Sim, está comigo. Estou indo. Até mais.

O telefone celular rosa, em cima da cama arrumada de um hotel em Florianópolis, não para de
tocar a nona sinfonia de Beethoven. Renata é grande fã de Ludwig, mas reconhece que está
começando a ficar farta daquela melodia. Poucas pessoas ligam naquele número, e na maioria das
vezes, é Barsam. Ouvir a música já a deixa desesperada. "Boa coisa não deve ser", pensa, ainda
mais se Denis tivesse sido bem sucedido em seu plano no hospital.
Ela levanta da mesa onde trabalha, em frente ao computador, e corre para atender a ligação. O
visor anuncia o que ela temia. É Barsam.
- Senhor? Olá, como foi a viagem? — pergunta ela, com a maior cara de pau do mundo.
- Nada bem, Renata. Algumas coisas deram errado e eu estou extremamente irritado.
- Por quê? O que houve? — ela tenta parecer surpresa.

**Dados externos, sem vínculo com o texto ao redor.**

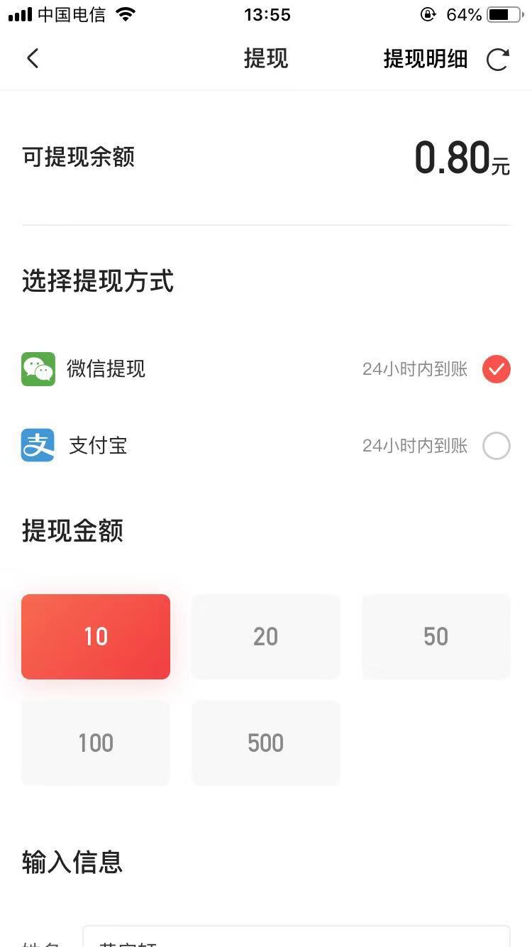 2、最低满10元即可申请提现,只需多赚7元就能提现啦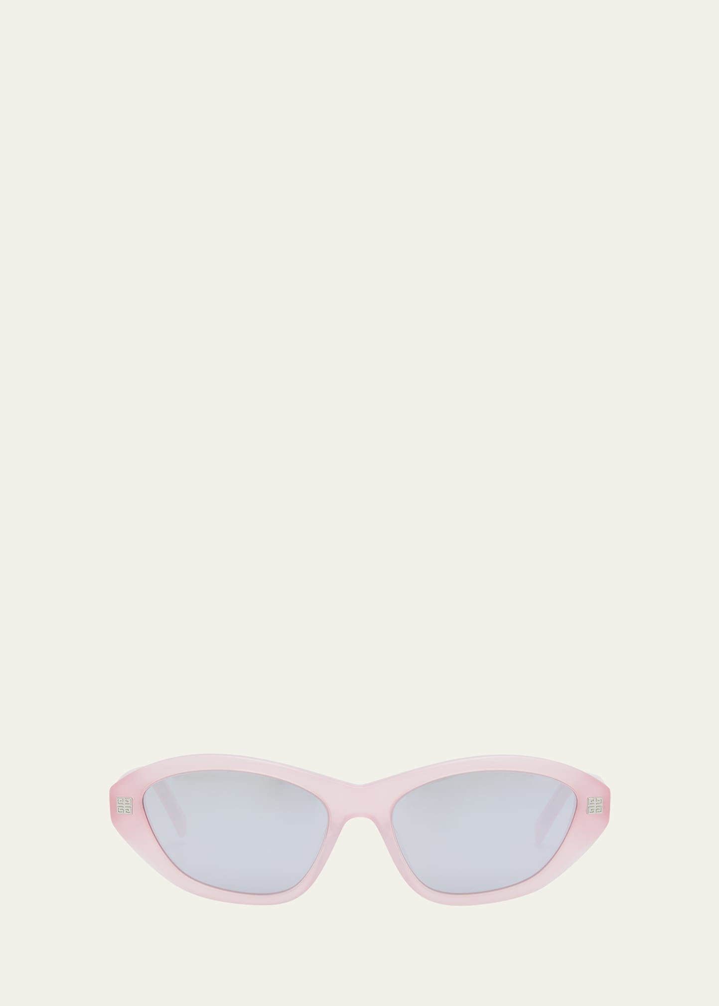 Givenchy feminine cat-eye sunglasses in acetate Features a discreet 4G metal signature on the front Lens/bridge/temple (in mm): 55-17-140 Saddle nose bridge Logo on temples Thin, tapered arms 100% UVA/UVB protection Imported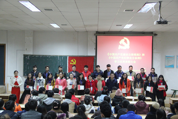 随后,召开的是优秀党员表彰大会。此次会议,是根据《中国共产党廉洁自律准则》及《中国共产党纪律处分条例》,对球王会表现优秀的党员进行表彰奖励。该表彰大会的奖项分别是“优秀组织奖”和“优秀蹲点党员”。在会议主持人的名单宣读后,被表彰的各位党员分批上台,由易书记和曾老师亲自为他们颁发证书并合影留恋,希望他们再接再厉,为党效力,为人民服务。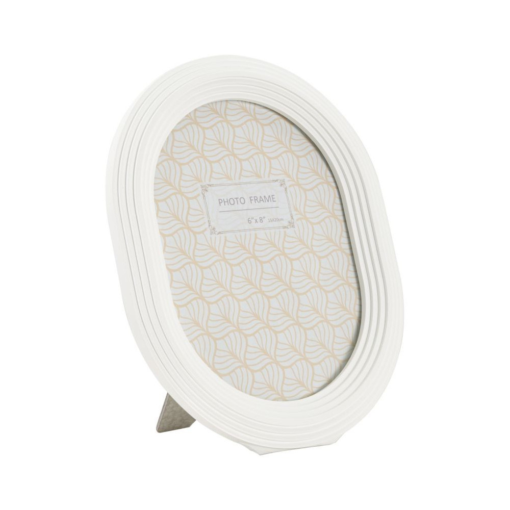 Cornice ovale da appoggio in resina bianca dal design semplice e lineare. Dimensioni foto cm 15x20.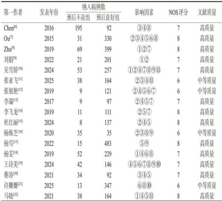 摘要目的系统评价中国人群药物性肝损伤(DILI)预后不良的影响因素,为DILI的早识别和早干预提供循证证据。方法 计算机检索PubMed、Medline、Embase、theCochrane Library、中国知网、万方数据、中国生物医学文献数据库和维普网,收集DILI患者预后不良影响因素的临床研究(病例对照研究、队列研究),检索时限为建库至2025年5月31日。筛选文献、提取资料、评价文献质量后,采用RevMan5.4软件进行Meta分析。结果共纳入17篇文献,涉及4078例DILI患者,其中预后不良组673例、预后良好组3405例。Meta分析显示,有肝病史( 0R=2.47,95%CI 为 1.61~3.78,P<0.001? 、有饮酒史 (OR=1.77,95%CI 为 1.22~2.56 ,P=0.003 )、使用中草药/中成药 OR=1.87,95%CI 为 1.30~2.70,P<0.001 )、非肝细胞损伤型DILI( OR=1.70,95%CI 为 1.37~ 2.10,P<0.001 )国际标准化比值(INR)升高 (OR=2.51,95%CI 为 1.97~3.19,P<0.001 、丙氨酸转氨酶(ALT)升高( OR=1.27 95%CI 为 1.14~1.41 P<0.001 )是DILI预后不良的危险因素,血清白蛋白(ALB)升高 (OR=0.47,95%CI 为 0.39~0.57,P< 0.001)、凝血酶原活动度(PTA)升高 (OR=0.88,95%CI 为 0.85~0.91,P<0.001) 、保肝药 >2 种 (OR=0.62,95%CI 为 0.41~0.95 P=0.030 )是DILI预后不良的保护因素。结论 有饮酒史、有肝病史、INR升高、ALT升高、使用中草药/中成药、非肝细胞损伤型的DILI患者预后不良风险较高,ALB水平升高、PTA升高、使用保肝药超过2种能降低DILI患者预后不良的发生风险。

- Renata, se eu precisar me abrir com alguém, não será você. - diz, bravo — Agora, quero que
cancele tudo aí em Florianópolis. Não me importa o que você marcou. Tenho que resolver
algumas coisas de extrema importância. Viajo para a França amanhã.
- França? Mas vai resolver o que, senhor?
- Não interessa, Renata. — grita, já visivelmente desconfortável com o interrogatório - Dê alguma
desculpa e cancele todos os compromissos.
- Está bem senhor, eu vou cancelar sim - Renata cerra os punhos, indignada como está sendo
tratada. Ultimamente, ela adquiriu um ódio mortal de seu chefe, mas tem que continuar fingindo
como combinara com Denis. — Mas caso eu precise contatar o senhor, como faço? Só nesse
telefone, mesmo?
- Que insistência, mulher. Não vai precisar falar comigo. Você se vira por aí. E paga para isso,
droga. Quer saber, toma nota do endereço e telefone do hotel que eu vou ficar, assim você para de
insistir.
Renata coloca o telefone entre o ombro e a cabeça e anota tudo em um bloco de recados.
- Sim, senhor. Anotado. E me desculpe se o deixei mais irritado.
Barsam não responde, apenas desliga na cara de Renata, que olha para o telefone e diz.
- Tomara que caia do alto da torre Eiffel, seu idiota.
Logo em seguida, telefona para Denis, confirmando a viagem de Barsam.

Denis desliga com Renata e conta toda a história de seu encontro com Barsam na capital. O
arqueólogo fala dos próximos passos do político.
Nicholas sobe para o quarto para arrumar suas roupas em uma mala, se preparando para a viagem.
Já havia separado um passaporte falso, e conta com a companhia de Lara, Martins e Denis, que
também acabam convencendo Victor a segui-los nessa jornada.
Fábio bate na porta aberta, pedindo permissão para entrar, e Nicholas movimenta a cabeça
concedendo o pedido.
- Sabe, Nick. Quando você me visitou em casa e pediu para ficar com aquele papiro, antes de
viajar, nunca imaginei que seria o começo
de uma aventura tão perigosa e emocionante. — diz, sentando na cama, dentro do quarto.
- Desculpe te colocar nisso. Não era minha intenção.
- Que isso, homem. Tirando a parte em que eu quase morri naquele hospital, eu adorei cada
minuto. E impressionante. Eu preciso de férias, tenho certeza que Isabella pode cuidar do hospital
por mim. E eu to aqui porque... Bem... Eu quero ir com vocês.
Nicholas para o que está fazendo e olha surpreso para o amigo, que sentado de cabeça baixa,
tímido, segura as mãos enquanto gira os polegares.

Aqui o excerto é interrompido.